In 2004, Susilo Bambang Yudhoyono was elected as President of Indonesia. It was clear that Yudhoyono was keen to select a progressive cabinet of ministers with professional qualifications. Indeed, just a few weeks before he became President, Yudhoyono completed his own doctoral degree in economics from the Agricultural University in Bogor near Jakarta. One of the professional women he appointed to the cabinet was economist Sri Mulyani Indrawati who later, in 2010, became Managing Director of the World Bank. And another professional woman he appointed was Mari Pangestu who became Minister for Trade.

The job of Minister for Trade in Indonesia is a difficult one.

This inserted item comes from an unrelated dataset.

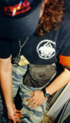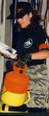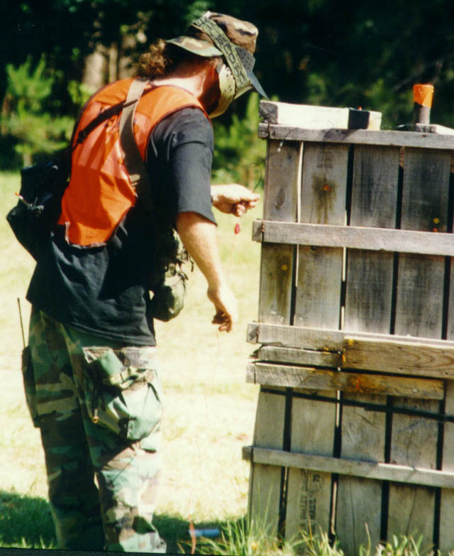 The field pyrotechnitian sets a flashpot charge. |

The portfolio has wide responsibilities which include regulation of key domestic markets as well as managing international trade issues. Mari Pangestu was widely regarded as a highly effective minister who handled the portfolio with skill.

In recognition of her role in government in Indonesia, in 2013 she was awarded an honorary degree by the Australian National University.

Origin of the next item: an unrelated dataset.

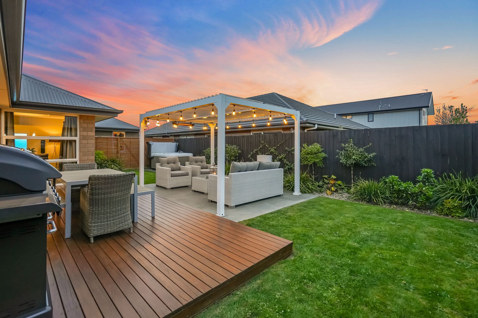 This outdoor oasis is truly enchanting, with a pergola and deck providing the ideal spots to unwind or entertain. The built-in irrigation system ensures that your garden will remain lush and vibrant year-round, making this a picturesque and low-maintenance haven.

Against this background, as a new Managing Director Pangestu brings three key insights to the World Bank. First, her own experience of the practical challenges of day-to-day policy making on the ground will hopefully keep some of the loftier World Bank pronouncements about international issues grounded in reality. As minster with responsibilities for tourism she famously pointed to the need for better toilets for tourists in Indonesia. An emphasis on this practical approach will be welcome in the Word Bank’s programs in developing countries.

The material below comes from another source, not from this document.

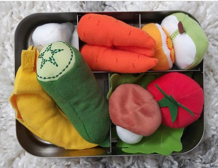 Almost every kid’s room counts a set of fake food or fake kitchen accessories. If you have this kind of accessory at home, you can easily borrow a piece and include a plush or toy food that your kid will recognize!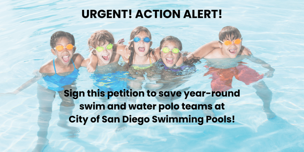 In the budget recommendations released by San Diego Mayor Todd Gloria for Fiscal Year 2025 there is a recommendation to call for the reduction in recreational swim team and water polo programs in the non-summer months at all pools except for one that is contractually obligated to do so (page 483). We are unsure if this is a one-time cut for FY 2025 or will be ongoing. Support is needed now to let elected officials and other decision-makers know your concern for these reductions, which will hurt our entire community. Read more about these budget recommendations here.

Second, Pangestu will bring to the Bank a vital understanding of the importance of openness – of the need for developing countries to remain as open as possible to the global economy.

It is true that openness is a two-edged sword. Openness and globalisation bring challenges as well as benefits. It is no secret that Pangestu had to deal with both edges of the sword in her seven years as Trade Minister in Indonesia. But Indonesia has benefited greatly from being a relatively open economy in recent decades. Pangestu will hopefully be able to share Indonesia’s experience across the Bank.

A third insight that Pangestu will bring to the Bank is a knowledge of the impact of the remarkable long-term development program that the international community has supported in Indonesia. Pangestu recently prepared a study of the economic history of Indonesia during this period in a collection of articles about the work of Ali Wardhana, Indonesia’s longest serving finance minister.

In the 50-year period from the late 1960s to 2016, the international community provided around $340 billion in support to Indonesia. The World Bank itself played a key role in this program, supporting financial flows and – more importantly – helping coordinate the international effort for five decades.

The international effort began in May 1968 when the former US Secretary of Defence, Robert McNamara, visited Indonesia. McNamara had just taken up the post of president of the World Bank. His very first international tour as Bank President was to Indonesia. There are extensive details of his visit in the World Bank archives. Mari Pangestu will be able to draw on this history of one the World Bank’s most successful programs as she takes up her position as one of the Managing Directors of the Bank.